**Requirement**. The full listing, minus its pictures, should be printed again exactly as it stands.

**Stored data**.
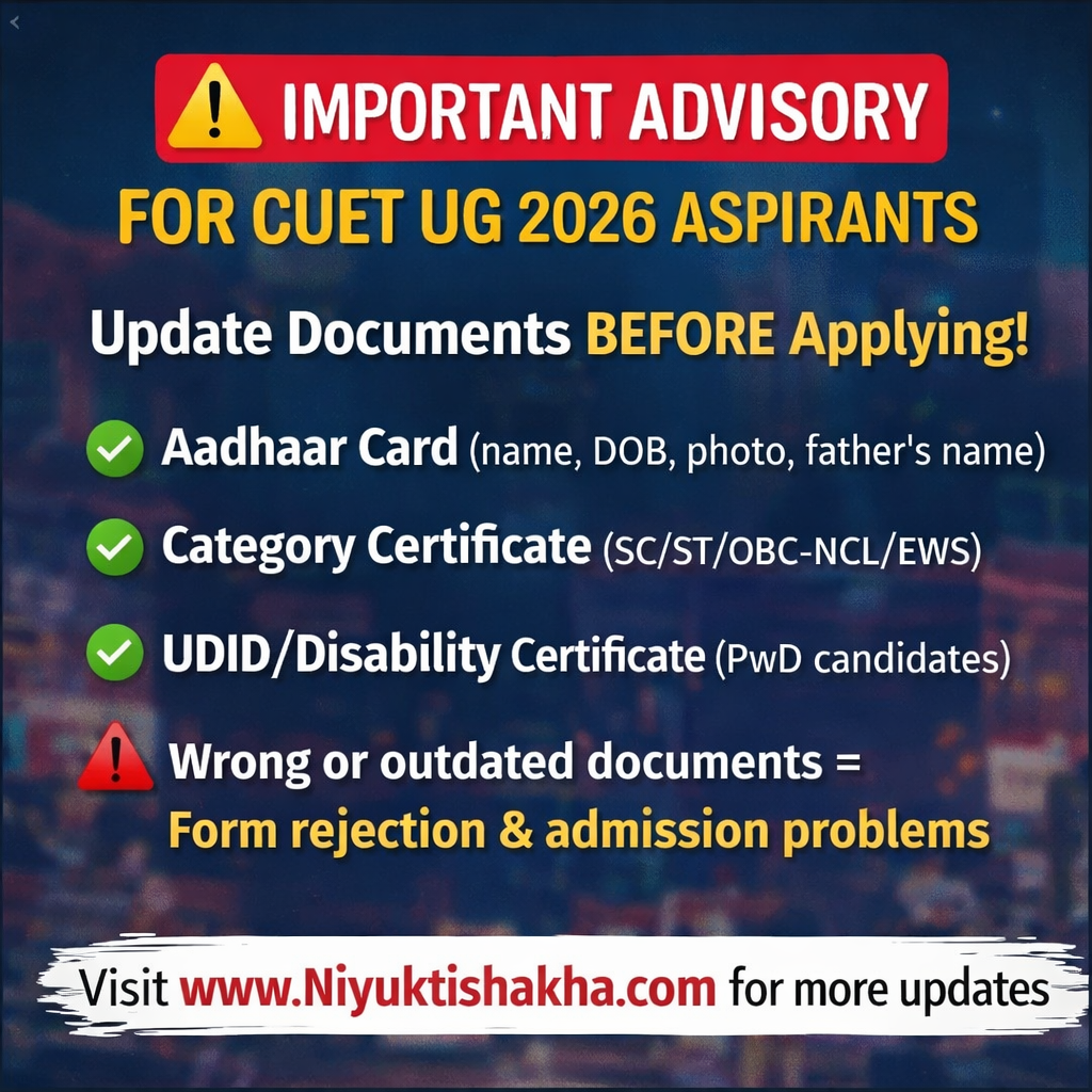 CUET UG 2026, CUET UG Advisory, CUET UG Documents, CUET UG Aadhaar Update, CUET UG Application Tips, CUET UG 2026, CUET UG Advisory, CUET UG Notification 2026, CUET UG Apply Online, CUET UG Documents Required, CUET UG Aadhaar Card Update, CUET UG Category Certificate, CUET UG PwD Certificate, CUET UG UDID Card, CUET UG Application Form 2026, CUET UG Exam Date 2026, CUET UG NTA Advisory, CUET UG Important Instructions, CUET UG Admission Process, CUET UG Counselling 2026, CUET UG Form Rejection Reasons, CUET UG Data Mismatch, CUET UG Reservation Rules, CUET UG SC ST OBC EWS Certificate, CUET UG Admit Card Issues, CUET UG Identity Verification, CUET UG Latest Update, CUET UG Official Notice, CUET UG Student Advisory, CUET UG Exam Preparation Tips, CUET UG Correction Window, CUET UG Helpdesk, CUET UG Application Checklist, CUET UG Eligibility Verification, CUET UG University Admission, CUET UG National Entrance Exam, CUET UG Online Registration, CUET UG Admission Guide, CUET UG 2026 Latest News
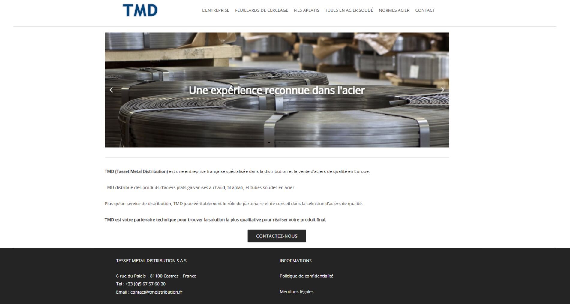 Le site internet sert principalement de carte de visite en ligne, permettant aux clients potentiels de découvrir l’activité de TM Distribution et d’entrer en contact directement par téléphone ou mail via les informations affichées.
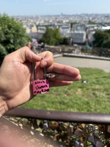 We went back to the Basilique du Sacre-Coeur because we had seen people writing their names on locks and then locking them to the fence. Me and Leah bought a lock, wrote our names on it, and locked it up. We took pics of where so next visit we can look to see if it’s still there.
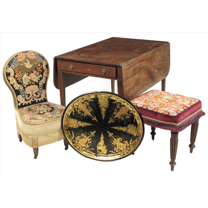 A 19th century mahogany Pembroke table, 27¾in (70.5cm) high, 24¾in (63cm) wide, 37in (94cm) deep, a late Victorian nursing chair with oak and mahogany legs, an oak stool on carved and turned legs and a 19th century oval papier mache tray, 25in (63.5cm) wide. (4)
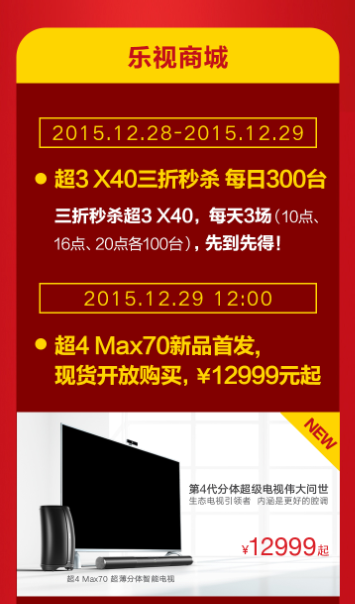 12月29日12:00,超4 Max70新品首发,现货开放购买。超4 Max70于12月22日在北京正式亮相,据了解,其搭载了全球唯一十代线夏普SDP提供的70吋4K面板,支持3D,并在国内首次采用康宁玻璃导光板(Corning IrisTM Glass),是全球首家玻璃导光板超薄分体智能电视超。此次是超4Max70首次开启销售。
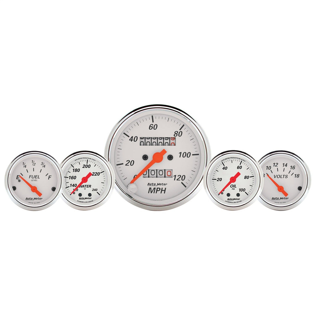 AutoMeter 1311 - Gauge Kit 5 Pc. 3-1/8in. & 2-1/16in. Mech. Speedo. Wtmp & Oilp Arctic Wht
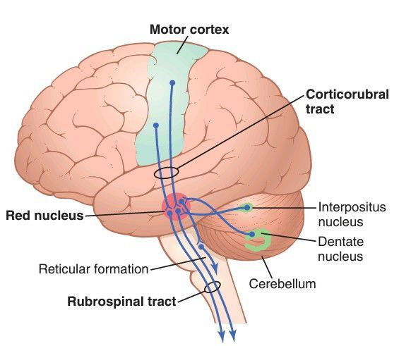 . The corticorubrospinal pathway for motor control, also showing the relation of this pathway to the cerebellum
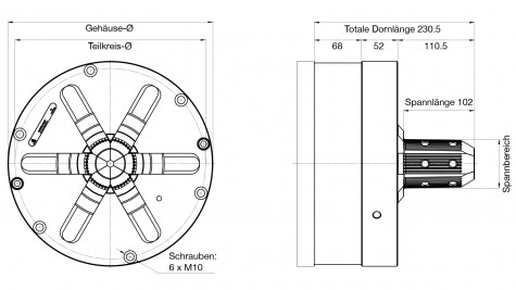 Höchste Produktivität dank großem Spannbereich und minimalem Umrüst- und Wartungszeiten, ohne Demontage des Spanndorns.
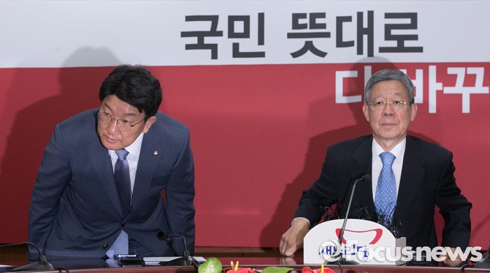 (서울=포커스뉴스) 20일 오전 서울 여의도 새누리당사에서 열린 혁신비상대책위원회의에 참석한 김희옥(오른쪽) 혁신비대위원장과 권성동 사무총장이 자리에 앉고 있다.
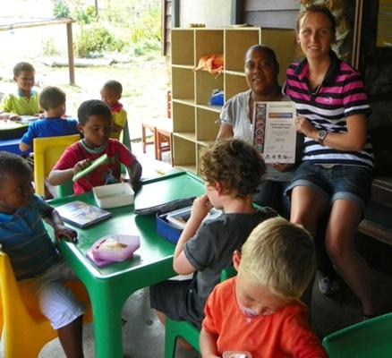 Natasha Forbes (right) with Bernadine Damon next to her with the Eco-Schools Certificate, with pre-school children sitting at their desks
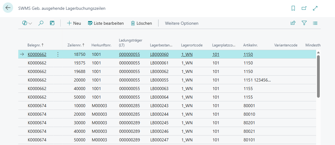 The column view of the outbound stock post lines list has been aligned with the subpage of the outbound stock post (38 columns incl. Serialization No. Inventory).

**Result below**.
 CUET UG 2026, CUET UG Advisory, CUET UG Documents, CUET UG Aadhaar Update, CUET UG Application Tips, CUET UG 2026, CUET UG Advisory, CUET UG Notification 2026, CUET UG Apply Online, CUET UG Documents Required, CUET UG Aadhaar Card Update, CUET UG Category Certificate, CUET UG PwD Certificate, CUET UG UDID Card, CUET UG Application Form 2026, CUET UG Exam Date 2026, CUET UG NTA Advisory, CUET UG Important Instructions, CUET UG Admission Process, CUET UG Counselling 2026, CUET UG Form Rejection Reasons, CUET UG Data Mismatch, CUET UG Reservation Rules, CUET UG SC ST OBC EWS Certificate, CUET UG Admit Card Issues, CUET UG Identity Verification, CUET UG Latest Update, CUET UG Official Notice, CUET UG Student Advisory, CUET UG Exam Preparation Tips, CUET UG Correction Window, CUET UG Helpdesk, CUET UG Application Checklist, CUET UG Eligibility Verification, CUET UG University Admission, CUET UG National Entrance Exam, CUET UG Online Registration, CUET UG Admission Guide, CUET UG 2026 Latest News
 Le site internet sert principalement de carte de visite en ligne, permettant aux clients potentiels de découvrir l’activité de TM Distribution et d’entrer en contact directement par téléphone ou mail via les informations affichées.
 We went back to the Basilique du Sacre-Coeur because we had seen people writing their names on locks and then locking them to the fence. Me and Leah bought a lock, wrote our names on it, and locked it up. We took pics of where so next visit we can look to see if it’s still there.
 A 19th century mahogany Pembroke table, 27¾in (70.5cm) high, 24¾in (63cm) wide, 37in (94cm) deep, a late Victorian nursing chair with oak and mahogany legs, an oak stool on carved and turned legs and a 19th century oval papier mache tray, 25in (63.5cm) wide. (4)
 12月29日12:00,超4 Max70新品首发,现货开放购买。超4 Max70于12月22日在北京正式亮相,据了解,其搭载了全球唯一十代线夏普SDP提供的70吋4K面板,支持3D,并在国内首次采用康宁玻璃导光板(Corning IrisTM Glass),是全球首家玻璃导光板超薄分体智能电视超。此次是超4Max70首次开启销售。
 AutoMeter 1311 - Gauge Kit 5 Pc. 3-1/8in. & 2-1/16in. Mech. Speedo. Wtmp & Oilp Arctic Wht
 . The corticorubrospinal pathway for motor control, also showing the relation of this pathway to the cerebellum
 Höchste Produktivität dank großem Spannbereich und minimalem Umrüst- und Wartungszeiten, ohne Demontage des Spanndorns.
 (서울=포커스뉴스) 20일 오전 서울 여의도 새누리당사에서 열린 혁신비상대책위원회의에 참석한 김희옥(오른쪽) 혁신비대위원장과 권성동 사무총장이 자리에 앉고 있다.
 Natasha Forbes (right) with Bernadine Damon next to her with the Eco-Schools Certificate, with pre-school children sitting at their desks
 The column view of the outbound stock post lines list has been aligned with the subpage of the outbound stock post (38 columns incl. Serialization No. Inventory).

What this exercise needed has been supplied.